## DATA EXTRACTS
Content starts

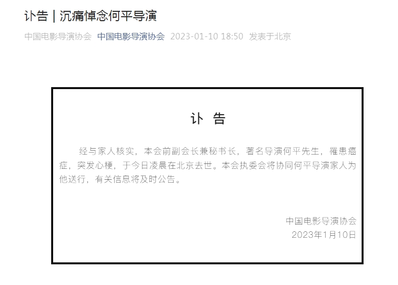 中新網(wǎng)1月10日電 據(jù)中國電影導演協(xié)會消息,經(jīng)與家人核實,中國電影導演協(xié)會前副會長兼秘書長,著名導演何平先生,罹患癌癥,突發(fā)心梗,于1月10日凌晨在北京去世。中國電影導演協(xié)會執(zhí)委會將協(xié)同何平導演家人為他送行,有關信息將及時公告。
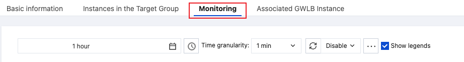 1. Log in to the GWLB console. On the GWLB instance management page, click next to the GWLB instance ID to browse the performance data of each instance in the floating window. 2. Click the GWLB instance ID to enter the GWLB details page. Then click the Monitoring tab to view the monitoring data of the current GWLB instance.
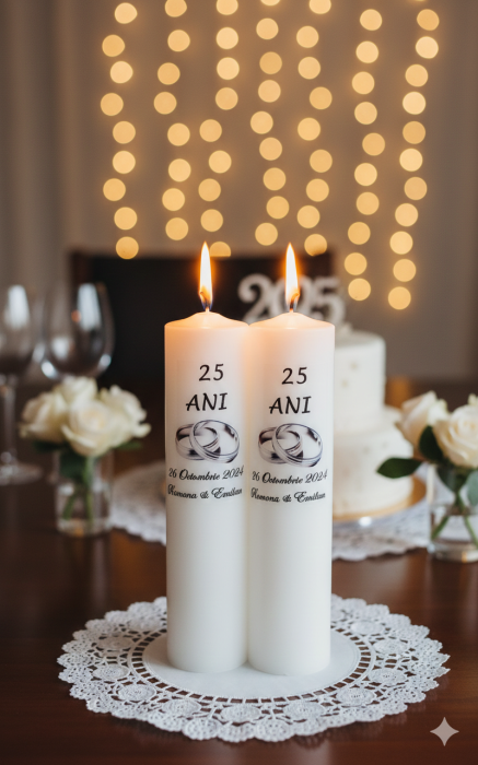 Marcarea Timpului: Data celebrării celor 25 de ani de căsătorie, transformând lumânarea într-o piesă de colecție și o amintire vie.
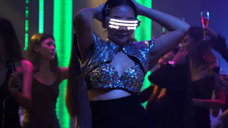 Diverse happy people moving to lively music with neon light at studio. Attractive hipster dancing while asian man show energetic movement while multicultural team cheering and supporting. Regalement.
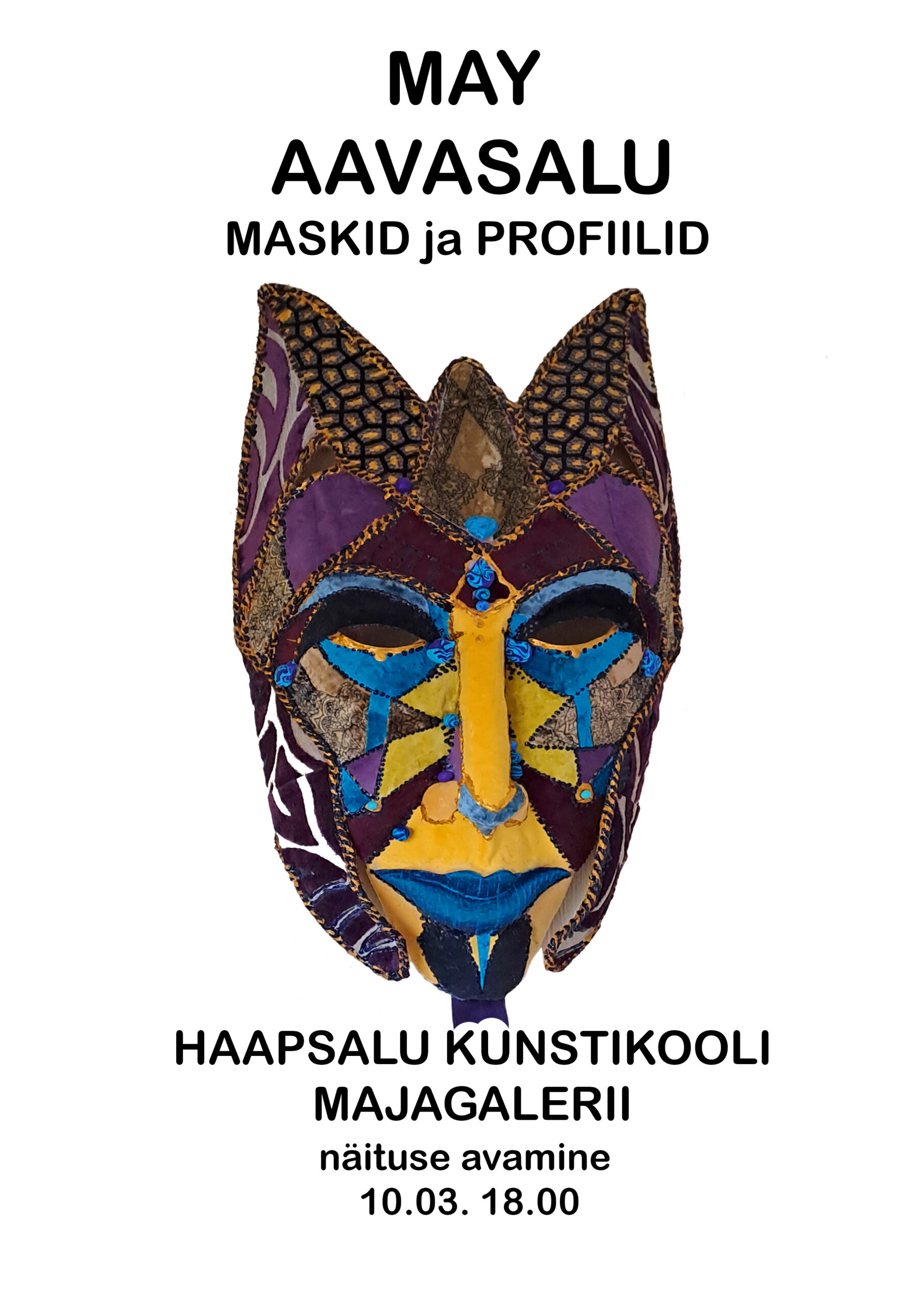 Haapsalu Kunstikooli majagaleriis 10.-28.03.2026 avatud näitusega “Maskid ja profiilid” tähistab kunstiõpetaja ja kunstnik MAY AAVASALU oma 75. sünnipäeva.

Content ends

## WORK INSTRUCTIONS
Return the records exactly as they stand, and drop every picture.

## SOLUTION TO THIS TASK
 中新網(wǎng)1月10日電 據(jù)中國電影導演協(xié)會消息,經(jīng)與家人核實,中國電影導演協(xié)會前副會長兼秘書長,著名導演何平先生,罹患癌癥,突發(fā)心梗,于1月10日凌晨在北京去世。中國電影導演協(xié)會執(zhí)委會將協(xié)同何平導演家人為他送行,有關信息將及時公告。
 1. Log in to the GWLB console. On the GWLB instance management page, click next to the GWLB instance ID to browse the performance data of each instance in the floating window. 2. Click the GWLB instance ID to enter the GWLB details page. Then click the Monitoring tab to view the monitoring data of the current GWLB instance.
 Marcarea Timpului: Data celebrării celor 25 de ani de căsătorie, transformând lumânarea într-o piesă de colecție și o amintire vie.
 Diverse happy people moving to lively music with neon light at studio. Attractive hipster dancing while asian man show energetic movement while multicultural team cheering and supporting. Regalement.
 Haapsalu Kunstikooli majagaleriis 10.-28.03.2026 avatud näitusega “Maskid ja profiilid” tähistab kunstiõpetaja ja kunstnik MAY AAVASALU oma 75. sünnipäeva.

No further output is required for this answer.